I am also interested in the nascent Digital Accessibility category and wrote a three-part series in 2021 on what digital accessibility is and why it is important, how to get started with digital accessibility and the current state of the digital accessibility market. While the market is still very much in its early innings, I expect the category to yield multiple billion dollar companies as the topic of digital accessibility increasingly becomes more mainstream.

Stephanie Cherrin, Principal at Porsche Ventures

Stephanie Cherrin is a Principal at Porsche Ventures where she leads the team in investments across automotive, mobility, sustainability, and intelligent enterprise startups. She has sourced and led investments in notable companies including Rally, Cresta, DSP Concepts, Bumper, among others. Stephanie spent the first half of her life in the Bay Area and the second part in Israel. She has a degree in Counter-Terrorism studies from Reichman University and a Masters in Terrorism, Security and Society from King’s College, London. Stephanie has spent most of her career in Venture Capital starting in Israel as a founding member of Krypton VC, a consumer focused early-stage fund. She then moved on to manage the Deutsche Telekom/T-Mobile early-stage venture fund where she invested in companies in the VR, 5G, Narrowband, IoT and infrastructure sectors. Upon moving to the US, Stephanie joined NFX as their Head of Network where she forged relationships with early-stage founders and investors to help the portfolio and surface new investment opportunities. Once Porsche Ventures began to scale their activities in the United States, Stephanie joined as Principal and has been with the group ever since.
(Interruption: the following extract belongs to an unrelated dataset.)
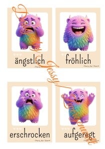 Jede Karte zeigt das Regenbogen Monster in einer typischen Körperhaltung und Mimik, sodass Kinder die Emotion sofort erkennen und nachfühlen können. Die klaren, kindgerechten Begriffe machen es leicht, über Gefühle zu sprechen – ideal für Zuhause, Kita, Grundschule oder in der therapeutischen Arbeit.
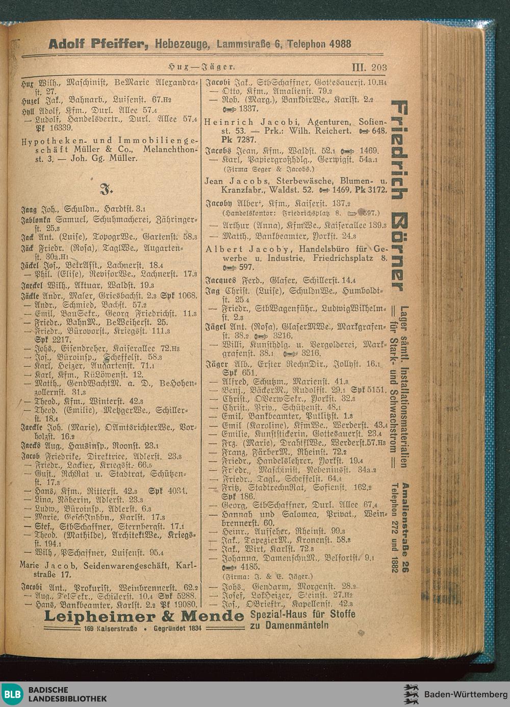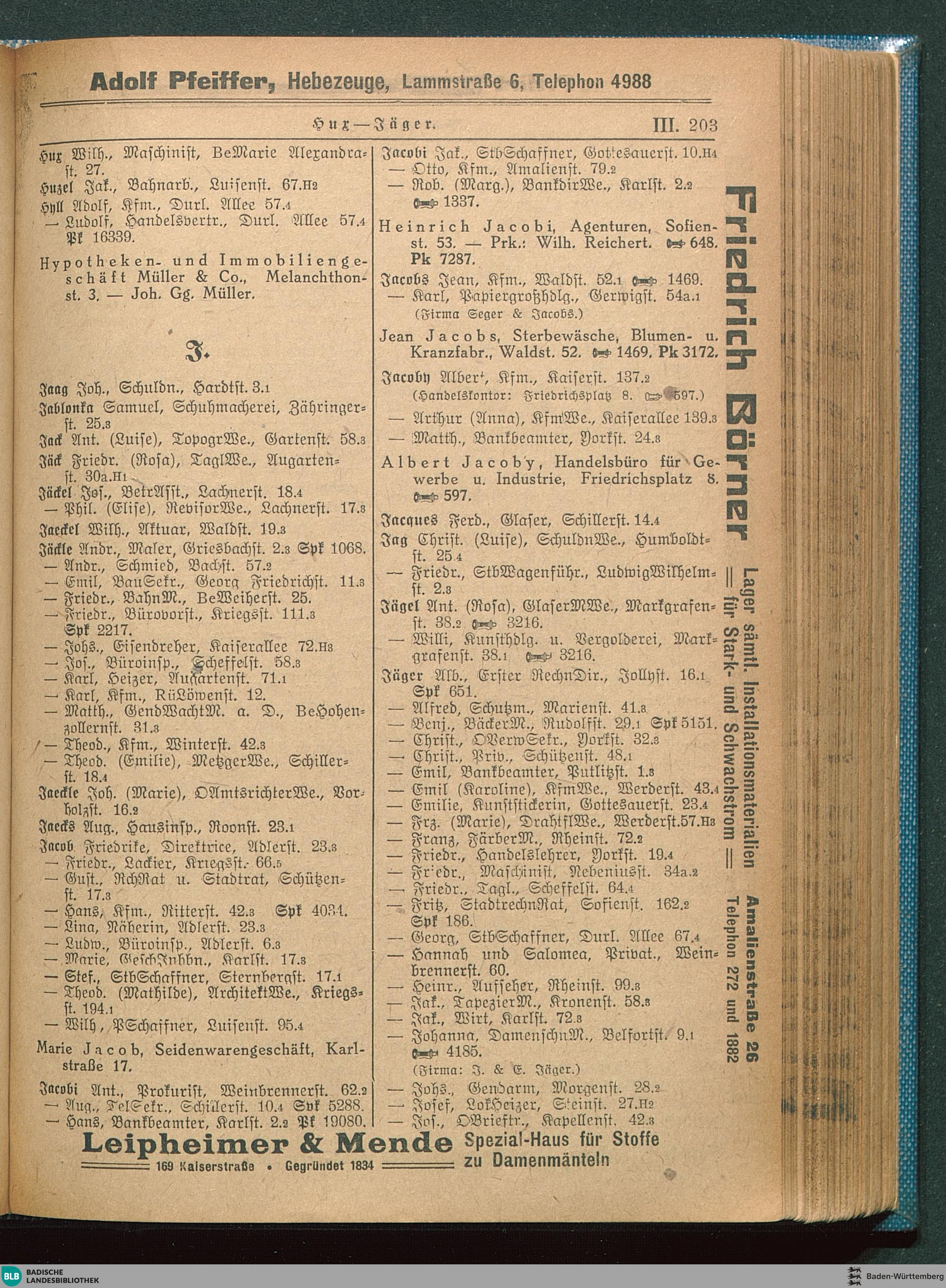 III. Alphabetisches Verzeichnis der Einwohner und Firmen

EVCA: How have the skills you developed in your pre-VC work played into your role?

Stephanie: While my pre-VC studies were more vocational for a CIA cyber warfare operative than a fundamentals-based investor, my untraditional skillset has allowed me to connect with founders and entrepreneurs in ways I would never have anticipated. What I’ve learned is that sometimes taking a circuitous path can help guide you to where you want to be. Cultural nuance is important when evaluating ideas or teams from different backgrounds. Having this understanding from working with ex-extremists and researchers from around the world has miraculously served me when applying the same evaluation techniques for founders and new businesses.

EVCA: What is your most contrarian view on an existing or emerging technology trend?

Stephanie: I do not believe my views on new and renewable energy are so contrarian as much as I believe in diversification. Focusing on one form of energy – whether battery, e-fuels, renewables, or anything else – is neglectful of the existing systems that are currently reliant on and built for fossil fuels. In particular, and probably my most contrarian view, is that I believe in the preservation of the combustion engine. We should be finding recyclable, sustainable, and alternative forms of fuel to power them. It is currently estimated that there are two billion combustion engines in use across the world. To go completely electric, these vehicles would then have to be junked and could create an entirely different pollution problem. Instead, I think it is imperative to allocate resources towards fuels that can power these vehicles, while also developing sustainable battery production and end-of-life recycling to make EVs environmentally friendly for their entire lifecycle. In a race towards net zero emissions, it is important to consider what alternative damage we are doing to the environment and find ways to fuse new with old to mitigate trading one pollutant for another.